1. The important distinction: chunks vs streaming

These are not the same thing.

Term Meaning Good fit for tiny Discord chunks?
Independent chunk transcription Each audio chunk is treated as a complete standalone clip Usually bad
Chunked transcription with overlap/stride Larger chunks are decoded with left/right context so boundary errors are reduced Better
Utterance-based STT VAD detects speech start/end, then STT transcribes the completed utterance Best first version
True streaming ASR Model keeps state/cache and emits partial/final text incrementally Best for low-latency live captions
Raw Discord frame transcription Every small callback/frame goes straight to STT Usually the failure mode

Your current system seems closest to this:

small audio callback
→ immediate STT
→ empty or bad transcript
→ empty transcript still sent to Ollama

That is the wrong shape for Whisper.


2. Why Whisper struggles with your current chunks

Whisper is a sequence-to-sequence model. It is strong, but it expects enough audio context to infer words.

It works best with something like:

1–15 seconds of speech-like audio
mostly intact word boundaries
reasonable volume
correct sample rate
silence/noise trimmed

It works badly with:

0.12–0.36 seconds of audio
half a word
wrong sample rate
wrong dtype
clipping / over-amplification
silence or no-speech
bot TTS leaking into input
Discord receive artifacts

The Whisper-Streaming paper states the key issue directly: Whisper is not designed for real-time transcription, so the authors built a streaming wrapper around it using local agreement and adaptive latency.

That means:

Whisper can be used in streaming systems,
but Whisper itself is not a native streaming recognizer.

3. What “chunking” should mean for Whisper

Bad Whisper chunking:

chunk 1 alone → text?
chunk 2 alone → text?
chunk 3 alone → text?

Better Whisper chunking:

audio stream
→ collect 1–5 seconds
→ add overlap/padding
→ transcribe
→ commit only stable/final text

Best first version for your AI VTuber:

audio stream
→ VAD detects speech start
→ buffer while user speaks
→ wait for 700–1200 ms silence
→ transcribe the completed utterance
→ reject empty/garbage
→ send valid text to Ollama

This is not “true streaming,” but it is usually the best first working design for a Discord AI VTuber.


4. Why overlap/stride matters

If you cut audio at arbitrary boundaries, words get chopped.

Example:

chunk 1: "can you hea"
chunk 2: "r me now"

A model may misread both chunks because neither one has the full word boundary context.

Hugging Face’s ASR chunking guide explains this for CTC models such as Wav2Vec2: chunks are decoded with stride/overlap so the model has context around the cut points, and the unreliable edges can be dropped/merged.

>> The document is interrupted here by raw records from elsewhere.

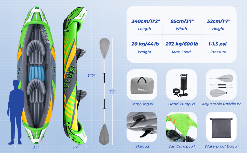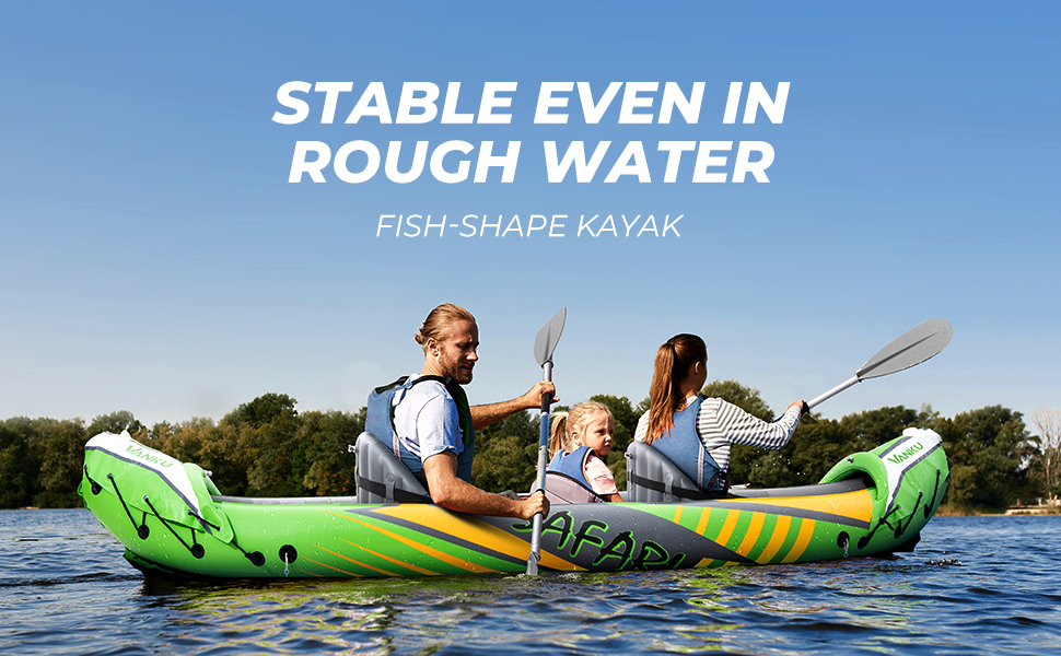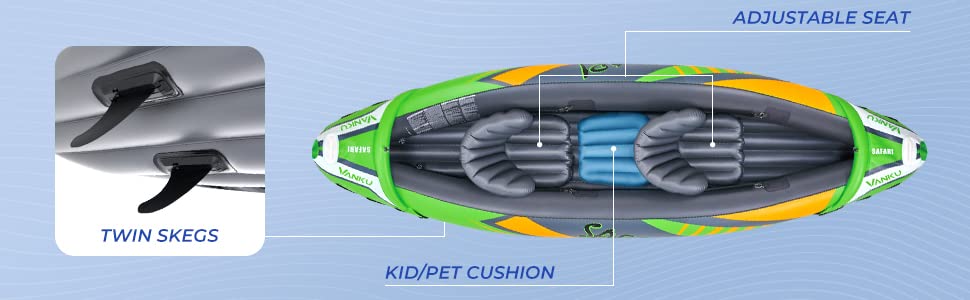 【Room for 2 Adult and 1 Kid / Pet】The inflatable kayak has a load capacity of 272kg(600lbs). The 2 inflatable seats are adjustable and detachable, allowing you to adjust the seat to the most comfortable Angle as needed. With a removable cushion in the middle, you can bring your puppy or kid to enjoy the beautiful lake scenery with you together. Note: Please be sure to wear life jackets on the kayak!
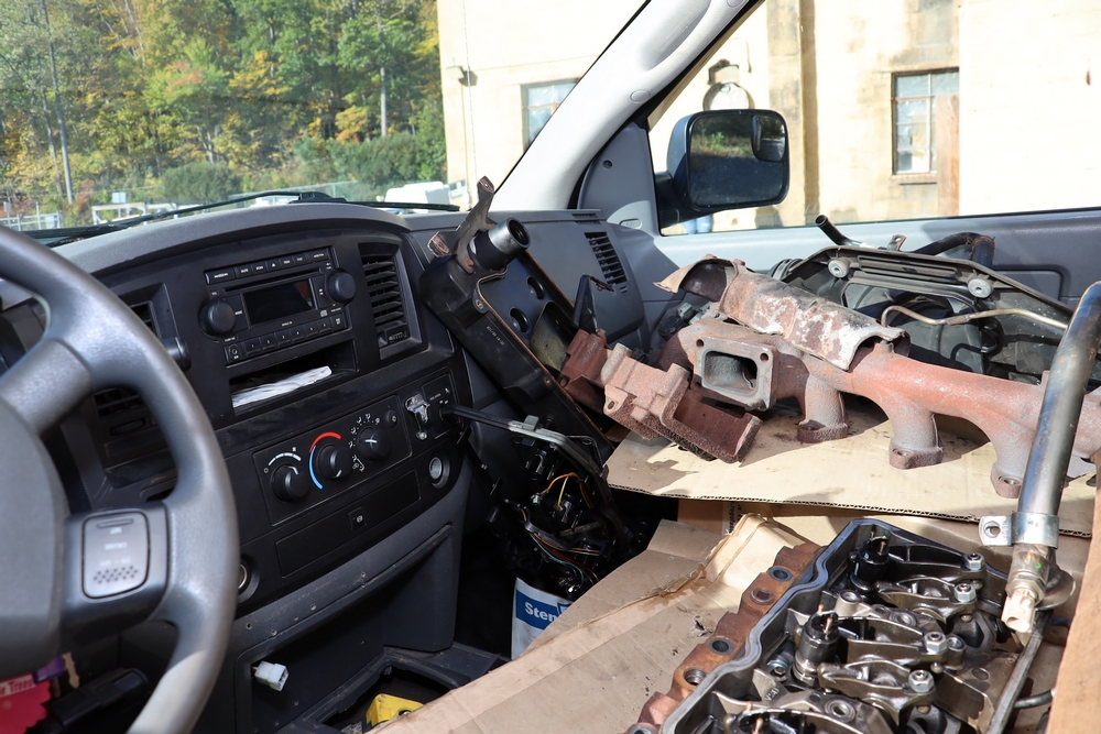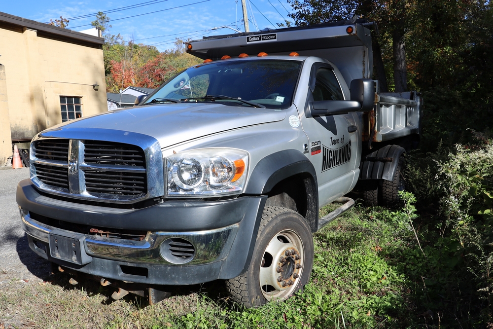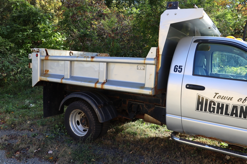 Items include 2018 Ford E-350 Super Duty bus; 2008 Dodge Ram 5500 dump truck & two-yard spreaders. Items are located in Highland Falls, NY.
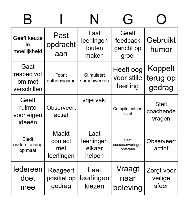 This bingo card has a free space and 24 words: Iedereen doet mee, Maakt contact met leerlingen, Stimuleert samenwerken, Vraagt naar beleving, Gebruikt humor, Geeft keuze in moeilijkheid, Past opdracht aan, Laat leerlingen fouten maken, Complimenteert inzet, Stelt coachende vragen, Geeft ruimte voor eigen ideeën, Toont enthousiasme, Laat succeservaringen ontstaan, Observeert actief, Gaat respectvol om met verschillen, Reageert positief op gedrag, Laat leerlingen kiezen, Geeft feedback gericht op groei, Koppelt terug op gedrag, Biedt ondersteuning op maat, Observeert actief, Laat leerlingen elkaar helpen, Heeft oog voor stille leerling and Zorgt voor veilige sfeer.
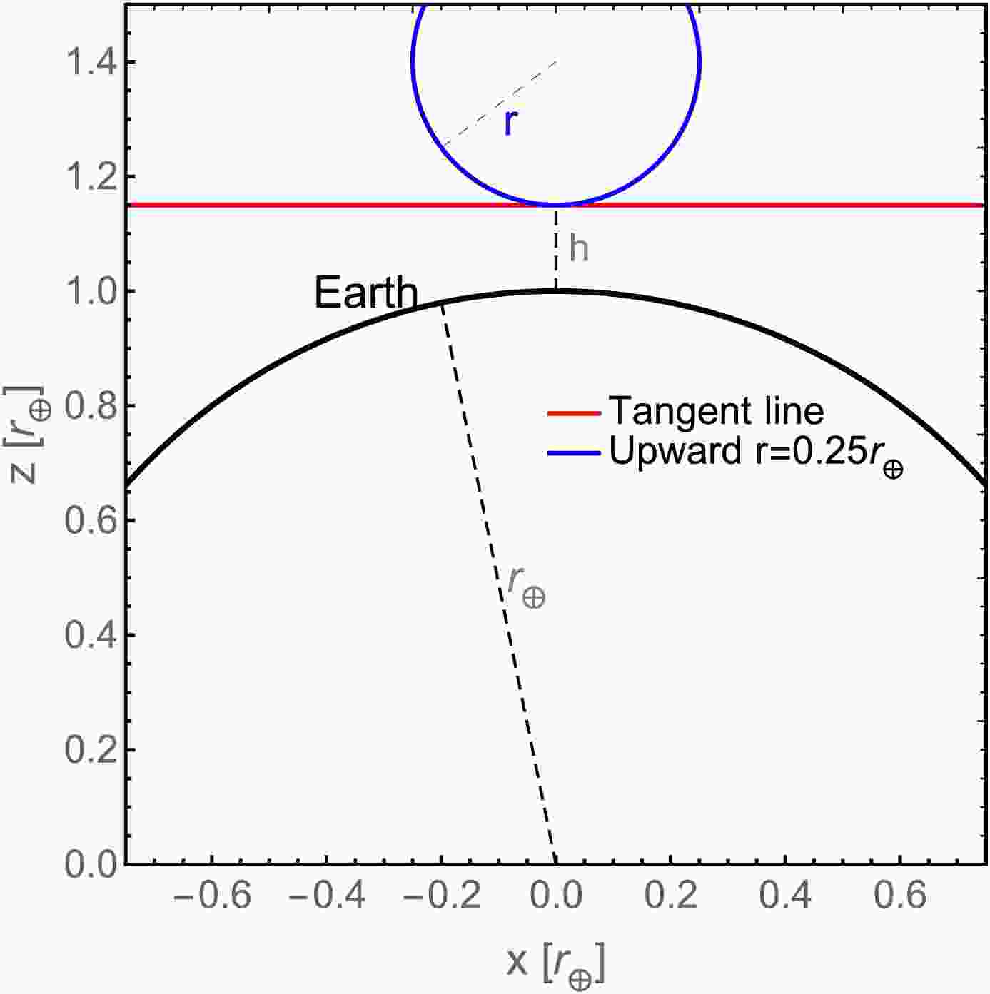 $ r=\mathfrak{R}/B $ , almost independent of the remainder of the orbit. We therefore replace the tangent line by an upward-bending circular arc of radius r that reaches the same perigee altitude h (blue curve in Fig. 3). Downward-bending geometries with$ r>r_{\oplus}+h $ can also yield perigee h, but are not considered here. The limit$ r\to\infty $ recovers the straight-line case. The parameterized integrated trajectory is indeed a circle with radius r, while we have checked that the arc around the perigee almost contributes the whole integration. For simplicity the arc is taken to lie in the plane containing the Earth's centre and the perigee point.Figure 5 compares the numerical integration of
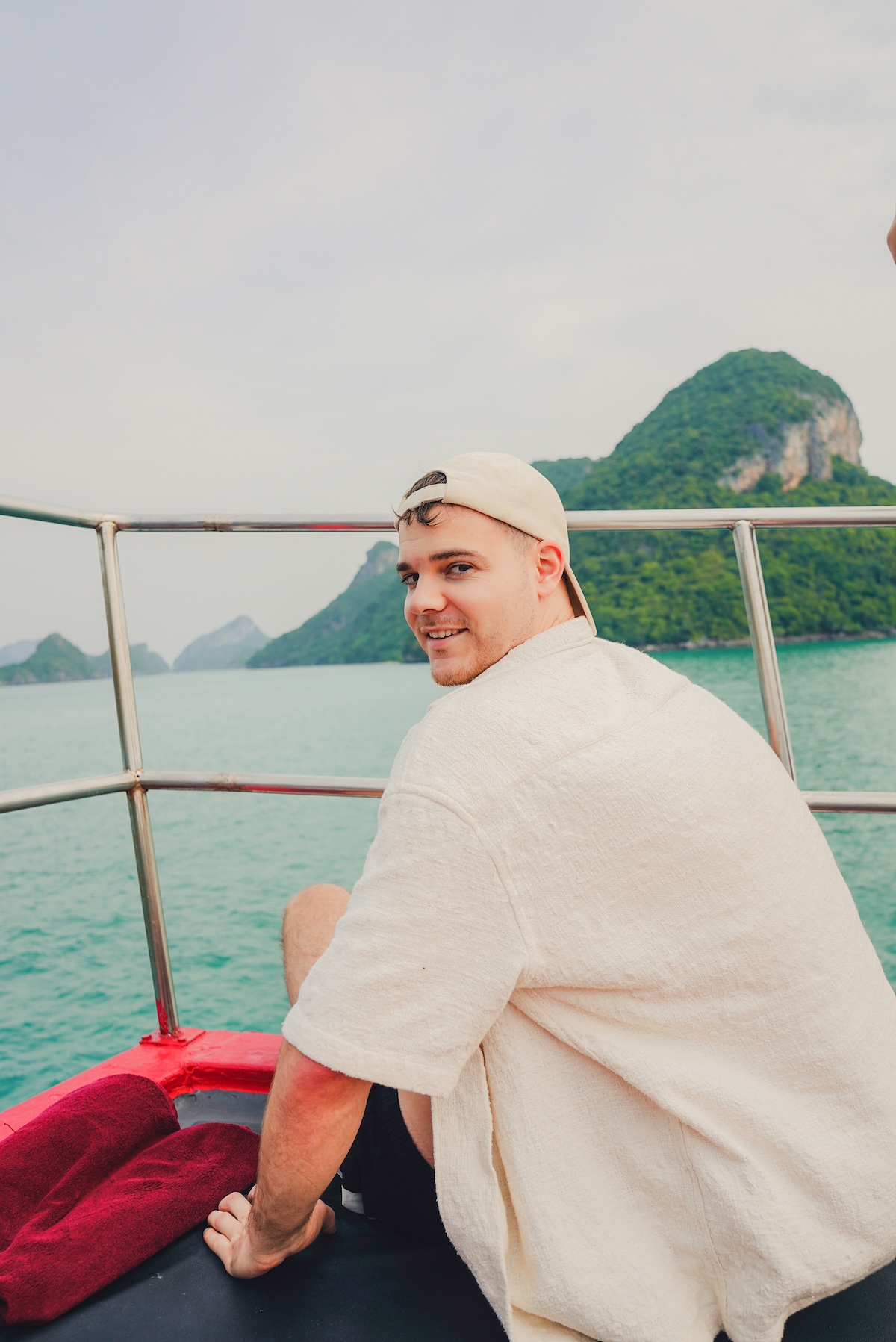 Ein Höhepunkt war der Besuch des Ang Thong Nationalparks, einer beeindruckenden Inselgruppe im Golf von Thailand. Alex empfiehlt, Touren mit privaten Speedbooten zu unternehmen, um die Landschaft fernab großer Besuchergruppen erleben zu können. Die Kombination aus türkisfarbenem Wasser, felsigen Küsten und verborgenen Buchten macht den Nationalpark zu einem jener Orte, die im Gedächtnis bleiben.

The same general idea matters for Whisper too, even though Whisper is not CTC-based:

do not decode arbitrary tiny independent slices

Use:

VAD padding
overlap
larger windows
or utterance-level transcription

5. Can another Hugging Face model handle chunks better?

Yes, but the details matter.

There are three realistic paths:

  1. Stay with Whisper/faster-whisper, but add VAD + utterance buffering.
  2. Try CTC models like Wav2Vec2 with chunking/stride.
  3. Use true streaming ASR models like NVIDIA Parakeet/Nemotron-style RNN-T/FastConformer models.

6. Option A — Stay with faster-whisper + VAD buffering

This is still my recommended first fix.

Use:

Silero VAD
+ utterance buffer
+ faster-whisper
+ transcript validation

References:

  • faster-whisper
  • Silero VAD
  • Whisper hallucination discussion: VAD + condition_on_previous_text=False

Why this is best first:

Reason Explanation
Easier setup Much easier than integrating a true streaming ASR runtime
Good accuracy Whisper-family models are strong when audio is clean
Good enough latency Utterance-based latency is acceptable for conversational bots
Fewer moving parts You can debug audio conversion, VAD, STT, and Ollama separately

Recommended flow:

Discord/local mic chunks
→ convert to mono 16 kHz float32
→ VAD
→ buffer complete utterance
→ faster-whisper
→ reject blank/garbage
→ Ollama

This will likely solve more of your current issue than switching models immediately.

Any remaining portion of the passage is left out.